Review: Fabric-aware get/set_local_poses + IK/OSC Integration

Updated review after new commits (5b4f91e → bb778db)

New Changes in This Push

1. Task-space dynamics accessors (Major Feature)

Added body_link_jacobian_w, body_com_jacobian_w, mass_matrix, gravity_compensation_forces to ArticulationData
New shift_jacobian_com_to_origin Warp kernel converts PhysX COM-referenced Jacobians to link-origin
Proper cache invalidation in write paths (write_root_*_to_sim_index, write_joint_*_to_sim_index)
Full DoF axis preserved (6 floating-base columns for floating-base assets)

2. FabricFrameView Major Rework

Three persistent PrimSelection instances (trans_ro, world_rw, local_rw)
Path-based view→fabric index mapping via wp.indexedfabricarray
Proper parent-indexed arrays for world↔local transforms
Per-view dirty tracking (not per-stage) to avoid cross-view corruption
Class-level _static_hierarchy_cache for IFabricHierarchy handles
clear_static_caches() method for test cleanup

3. Extensive Test Coverage

Shape contract tests for Jacobian/mass matrix on fixed & floating base
test_get_jacobians_link_origin_contract: J·q̇ = body velocities ✅
test_get_mass_matrix_symmetry_pd: square, symmetric, positive-definite ✅
test_get_gravity_compensation_forces_static_equilibrium: τ_gc holds arm static ✅
IK tracking accuracy test with DifferentialIKController ✅
OSC tracking accuracy tests with gravity compensation ✅
Multi-view per-view dirty isolation test ✅

4. Newton Dependency Update

newton @ git+...@v1.2.0rc2 → newton==1.2.0rc3 (packaged release)

5. Dexsuite Config Updates

Switched from primitive shapes (CuboidCfg, SphereCfg) to mesh-based (MeshCuboidCfg, MeshSphereCfg)
Consolidated physics presets into base PhysicsCfg class
Removed PhysX hardcoding from IK/OSC env configs (now inherit parent preset)

Code Quality Notes

✅ COM→origin Jacobian shift - The kernel correctly applies v_origin = v_com - ω × (R · com_offset_b) per DoF column

✅ Cache invalidation - All write paths properly invalidate _body_com_jacobian_w, _mass_matrix, _gravity_compensation_forces

✅ ProxyArray pattern - Lazy init pattern matches existing body_link_pose_w, joint_pos etc.

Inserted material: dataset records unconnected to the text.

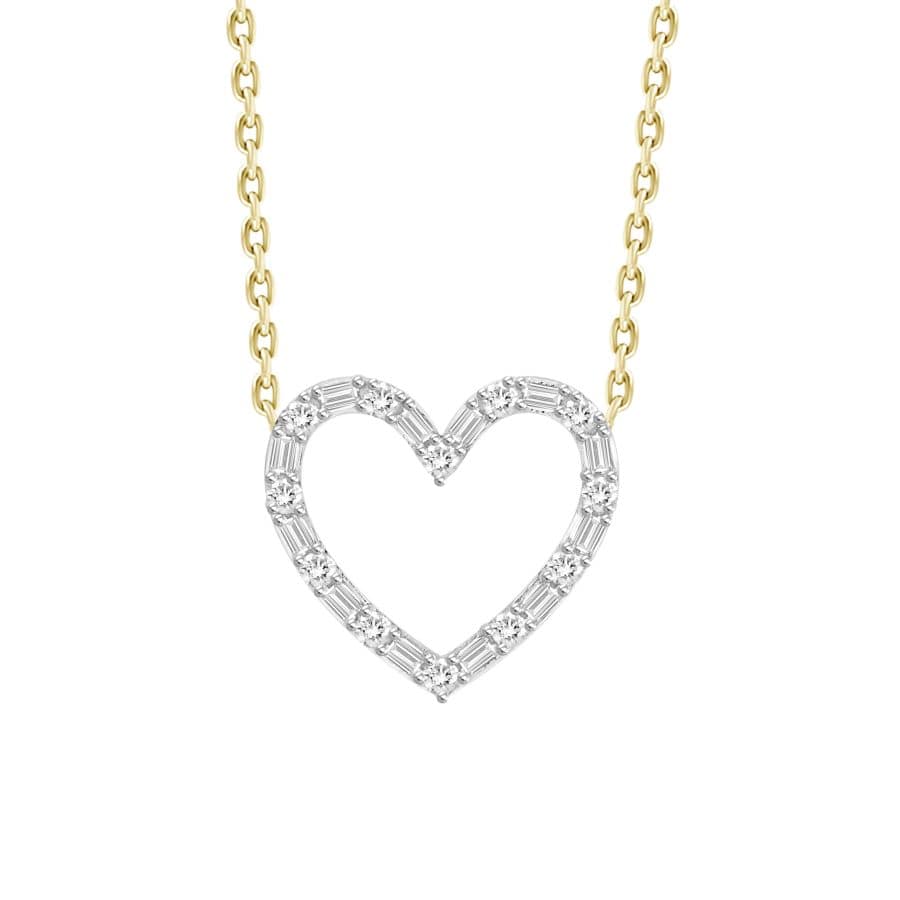 LADIES NECKLACE 0.20CT ROUND/BAGUETTE DIAMOND 10K YELLOW GOLD
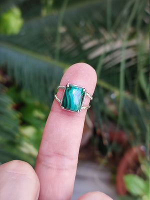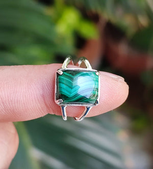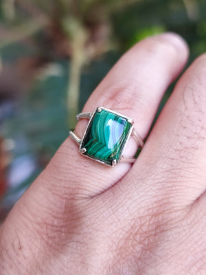 Malachite Cushion Shape 925 Sterling Silver Handmade Women Ring, Gift for Her, Gemstone Ring, Malachite Silver Ring
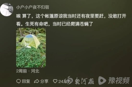 《看见》记者注意到,“猛蛇过江”的视频评论区中,网友“小户小户夜不归宿”回复称:“这个帐篷原谅我当时还有夜路要赶,没敢打开看,生死由命吧,当时已经爬满苍蝇了。”并配有一张上述帐篷照片,帐篷拉链还未被打开。
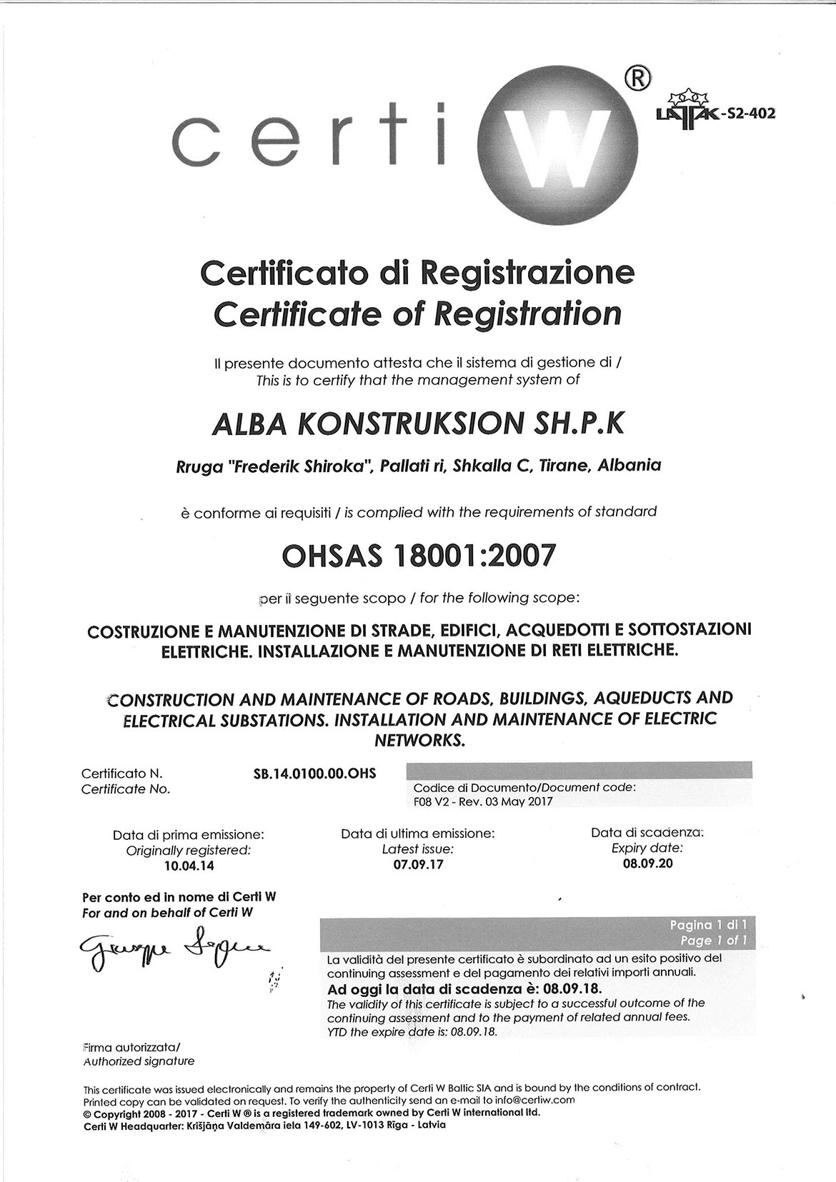 European OHSAS 18001 QM Standard

✅ Floating-base DoF layout - Matches industry convention (Pinocchio, Drake, MuJoCo): 6 base-DoF columns prepended

✅ FabricFrameView - Clean separation of indexed arrays per selection, proper sync kernels

Previous Fixes (still valid)

Parent world scale via Gf.Transform.GetScale() ✅
wp.select() for branchless GPU execution ✅
test_initial_seed_with_scaled_parent regression test ✅

Summary

This is a substantial feature addition that:

Enables proper IK/OSC control on PhysX backend with correct Jacobian reference frames
Fixes latent correctness bug where COM-referenced Jacobians were used with link-frame poses
Adds comprehensive test coverage for cross-backend parity
Cleans up physics preset inheritance

Approval recommended.

Update (e104e0e): Refactored if/else branching to wp.where() in Warp kernels (compose_fabric_transformation_matrix_from_warp_arrays, compose_indexed_fabric_transforms). This is a clean branchless pattern for GPU execution — good style improvement. No new concerns.

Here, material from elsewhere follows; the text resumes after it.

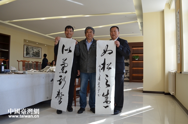 赠送书法作品。(图片来源:滨海新区台办)
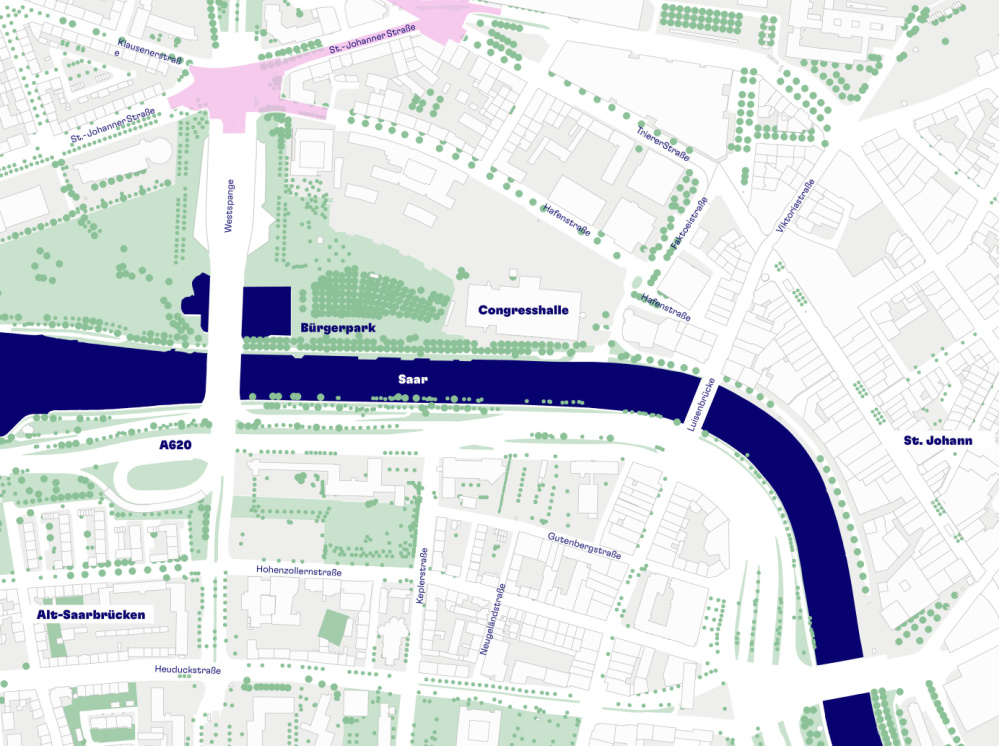 - die neugestalteten Bereiche der St. Johanner Straße und der Trierer Straße,

greptile-apps · 2026-05-11T14:50:53Z

Want your agent to iterate on Greptile's feedback? Try greploops.

greptile-apps · 2026-05-12T16:14:28Z

+            parent_unit_scale = wp.array(
+                [[1.0, 1.0, 1.0]] * len(unique_parent_paths),
+                dtype=wp.float32,
+                device=self._device,
+            )


Parent world scale silently forced to (1,1,1) during initial seed

tf.Orthonormalize() strips scale from the USD local-to-world transform, and the subsequent compose call uses a hard-coded parent_unit_scale = [[1.0, 1.0, 1.0]]. Any parent prim with a non-unit world scale will have the wrong matrix in Fabric from the start. Both sync kernels (update_indexed_local_matrix_from_world and update_indexed_world_matrix_from_local) read this parent matrix for every world↔local recomputation, so the error propagates into every child world and local pose after that.

Suggested change

parent_unit_scale = wp.array(

[[1.0, 1.0, 1.0]] * len(unique_parent_paths),

dtype=wp.float32,

device=self._device,

)

parent_scale_rows: list[list[float]] = []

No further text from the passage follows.